Your objective: Ignoring every picture, return the lines of the listing below word for word, from the line that holds "Les dessins illustrent" through the line that holds "Cream fabric ribbon".

*** Information provided ***

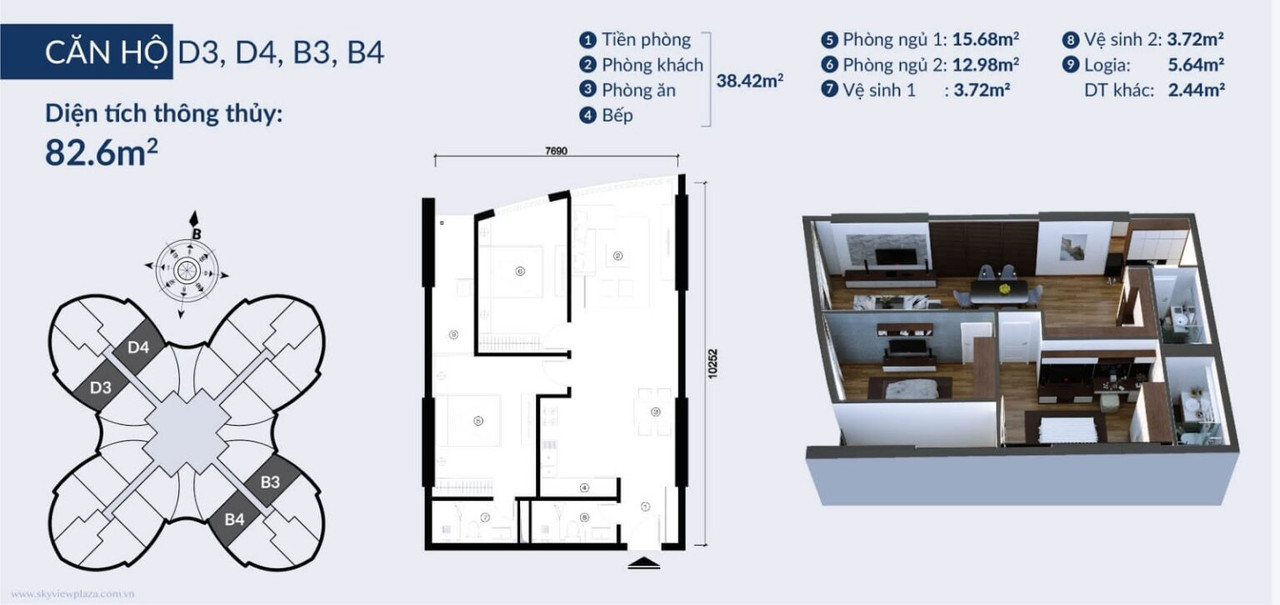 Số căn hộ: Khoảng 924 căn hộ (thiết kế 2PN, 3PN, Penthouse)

*** End of Information provided ***
*** Information provided ***

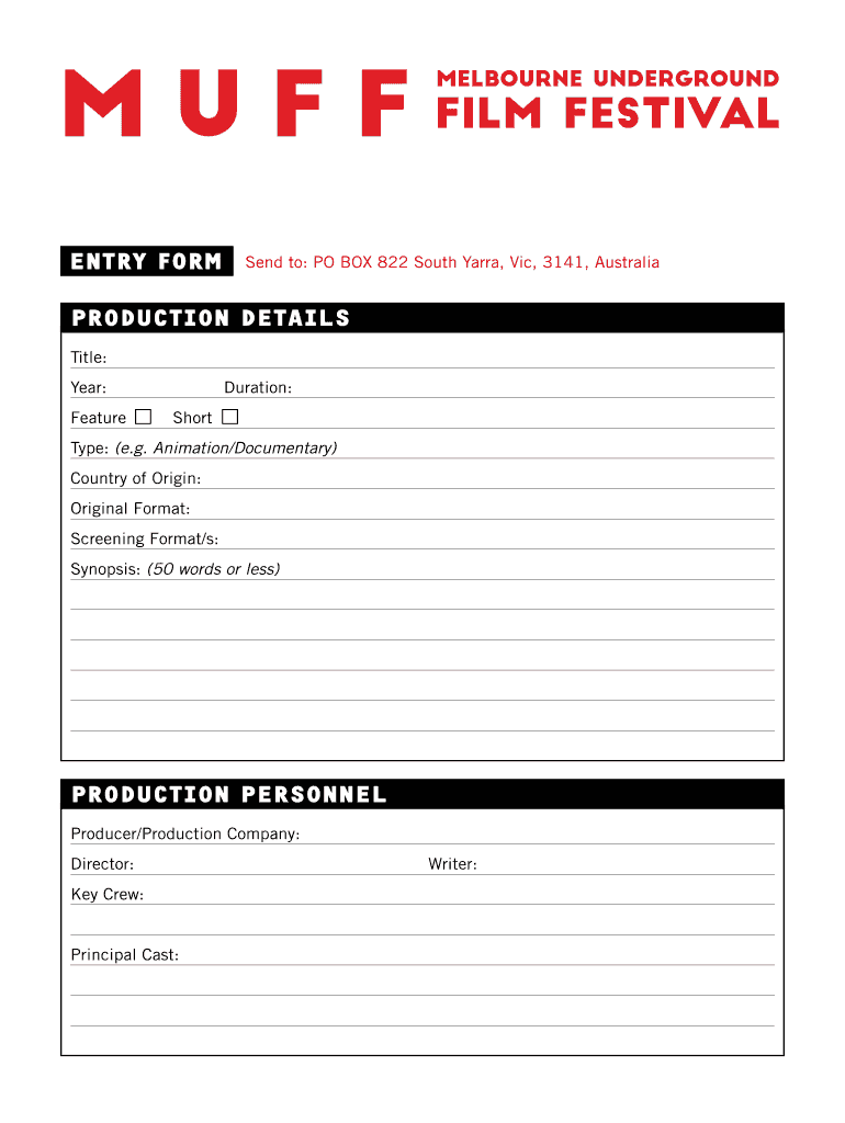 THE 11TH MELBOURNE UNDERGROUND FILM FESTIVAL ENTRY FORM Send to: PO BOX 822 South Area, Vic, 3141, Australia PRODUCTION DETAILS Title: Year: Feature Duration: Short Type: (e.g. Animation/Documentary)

*** End of Information provided ***
*** Information provided ***

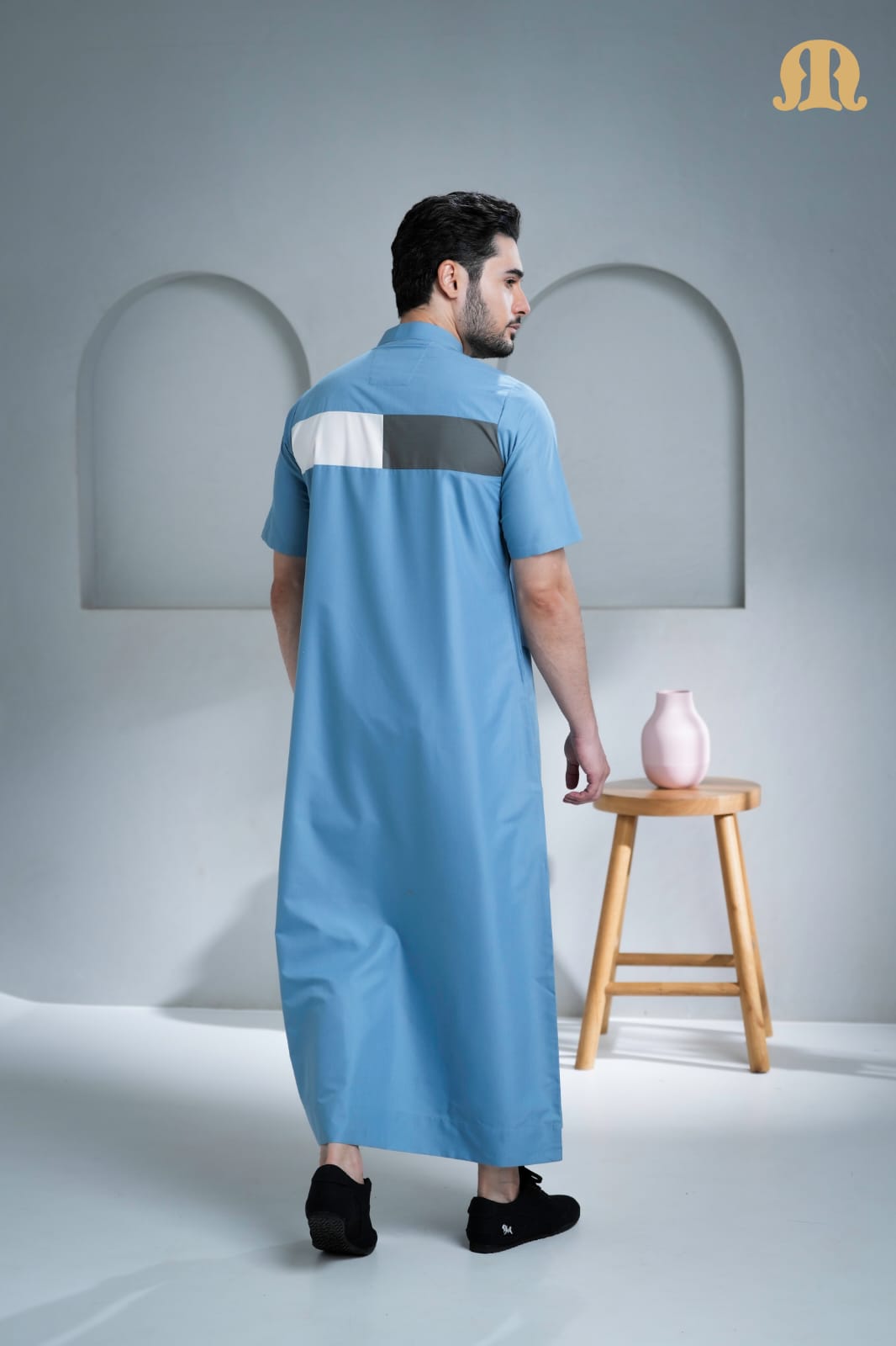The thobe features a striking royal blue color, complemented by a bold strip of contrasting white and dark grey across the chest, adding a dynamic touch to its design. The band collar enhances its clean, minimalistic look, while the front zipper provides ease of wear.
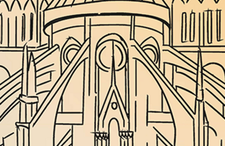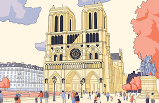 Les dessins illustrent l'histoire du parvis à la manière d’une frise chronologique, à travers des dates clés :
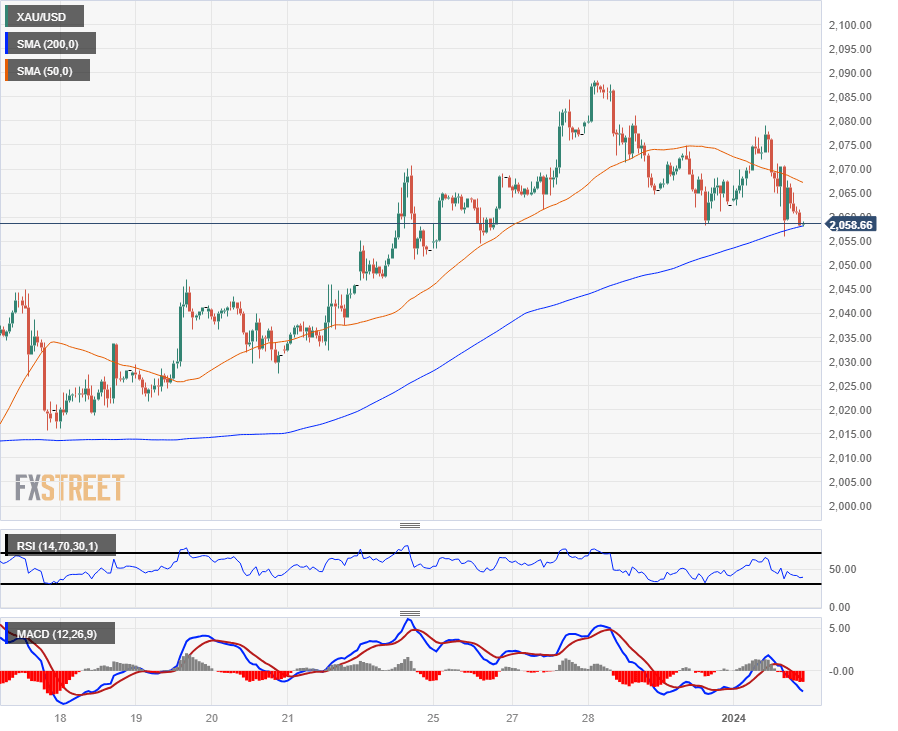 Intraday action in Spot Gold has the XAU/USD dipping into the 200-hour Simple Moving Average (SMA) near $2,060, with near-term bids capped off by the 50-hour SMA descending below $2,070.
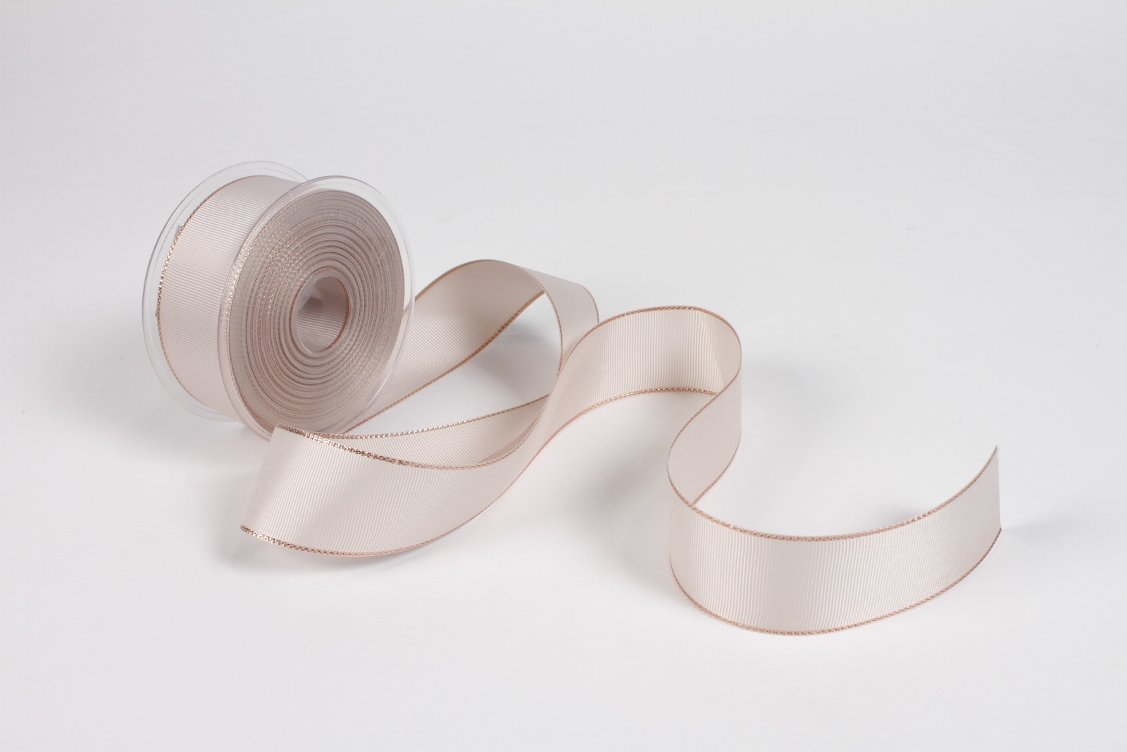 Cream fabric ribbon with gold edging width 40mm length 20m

*** End of Information provided ***

Exercise solution:
 Les dessins illustrent l'histoire du parvis à la manière d’une frise chronologique, à travers des dates clés :
 Intraday action in Spot Gold has the XAU/USD dipping into the 200-hour Simple Moving Average (SMA) near $2,060, with near-term bids capped off by the 50-hour SMA descending below $2,070.
 Cream fabric ribbon with gold edging width 40mm length 20m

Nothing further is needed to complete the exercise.